Is One Iraqi’s Self-Hatred Newsworthy?

Crusaders in Iraq?

M. Shahid Alam

An Arab-American of Lebanese descent, fluent in Arabic, Anthony Shadid was one of a handful of unembedded Western journalists reporting from Iraq during the US invasion in 2003. At the time, he was The Washington Post’s correspondent for Islamic Affairs in the Middle East.

His dispatches from Iraq were about Iraqis, about the destruction visited upon them by a war whose architects claimed that they were bringing democracy to that country. He reported the destruction and mayhem caused by this war by letting the Iraqis speak for themselves: and they spoke of their pain, their anguish, their perplexity and their anger.

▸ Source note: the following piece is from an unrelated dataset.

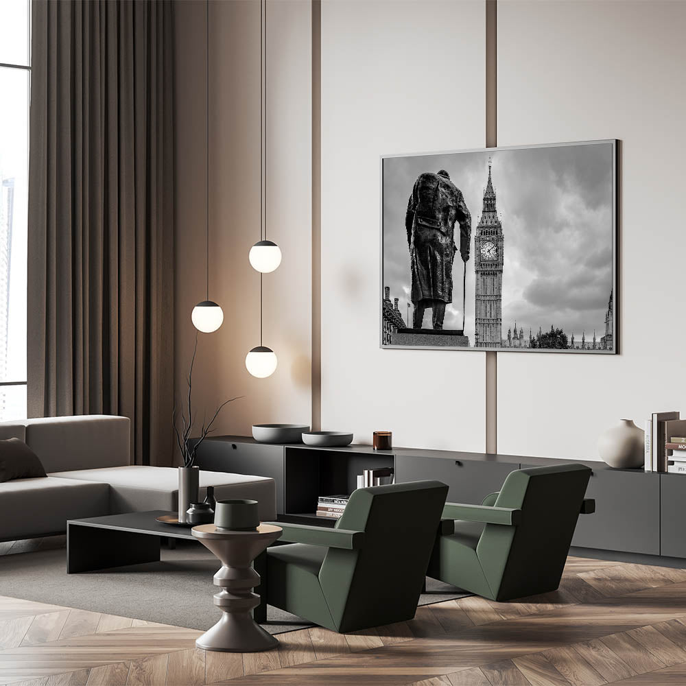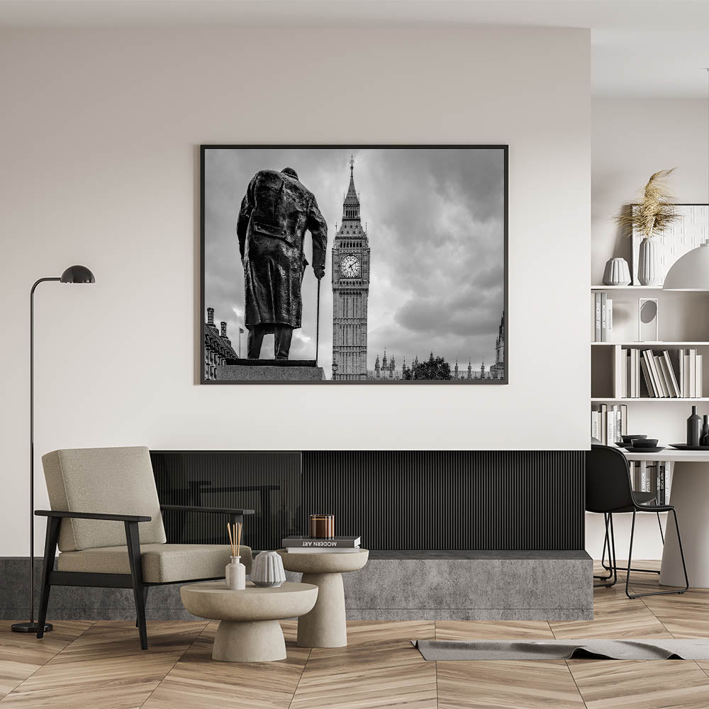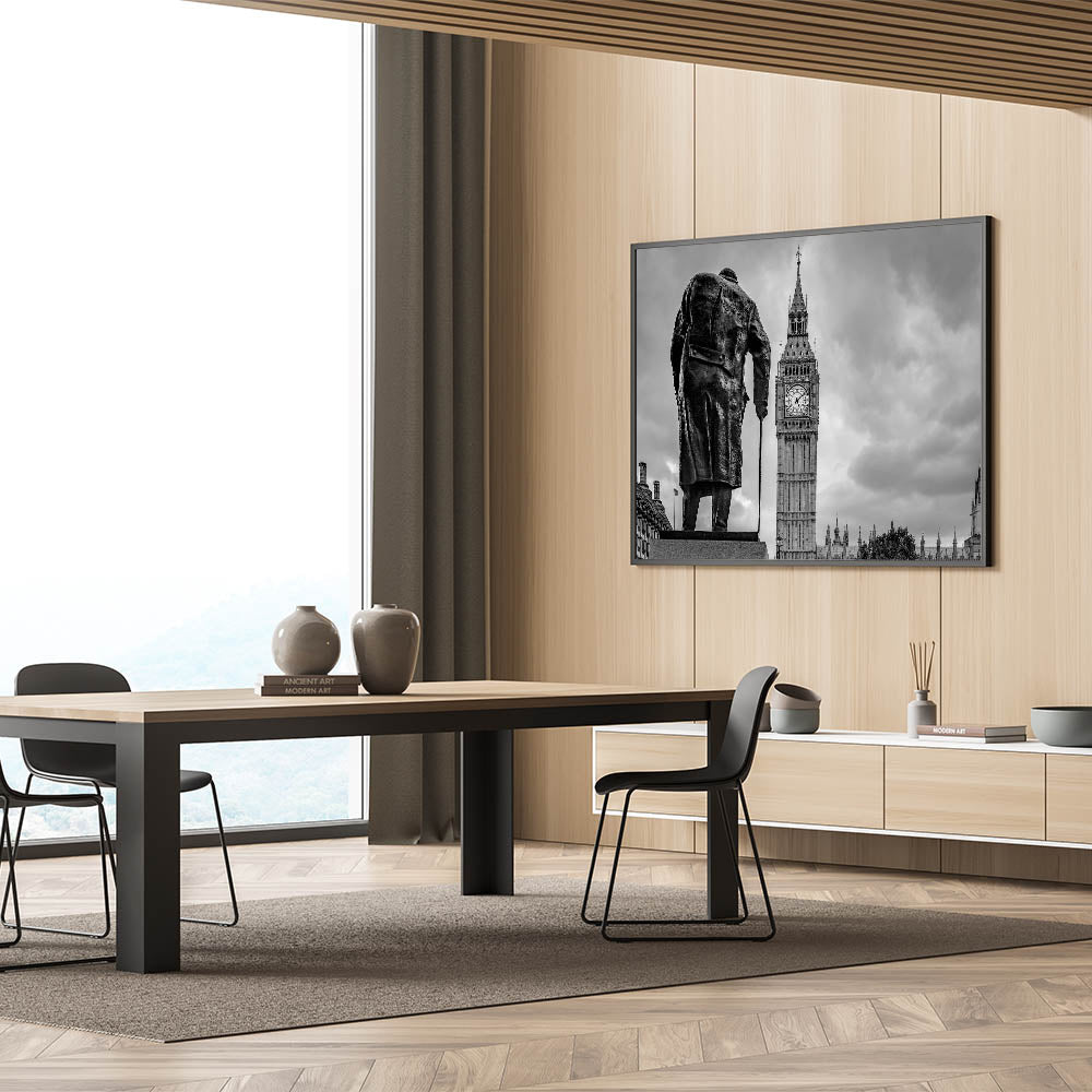 This captivating London photography art features a striking black and white image of Winston Churchill’s statue standing resolutely in front of the iconic Big Ben. The artwork beautifully captures the essence of London's rich history and its prominent landmarks, blending heritage and architectural grandeur in one frame. The contrast between the dark silhouette of Churchill and the towering clock tower creates a dramatic visual effect, making this piece a perfect addition to any home or office.

For his honest reporting, for a job well done, Anthony Shadid received some of the highest accolades of his profession. In 2004 he received the Michael Kelly Award and the Pulitzer Prize for international reporting. Other honors followed, all well-deserved. He had won his spurs for reporting, not cheerleading, neither praising nor denouncing the United States. He was reporting for The Washington Post, a neoconservative newspaper.

On Jan 29, I noticed for the first time a report in The New York Times that carried Anthony Shadid’s byline. Was this a promotion? It was written from Halaichiya, a remote village in the southern tip of Iraq, untouched by the war. The village has never seen Americans before, neither troops nor diplomats.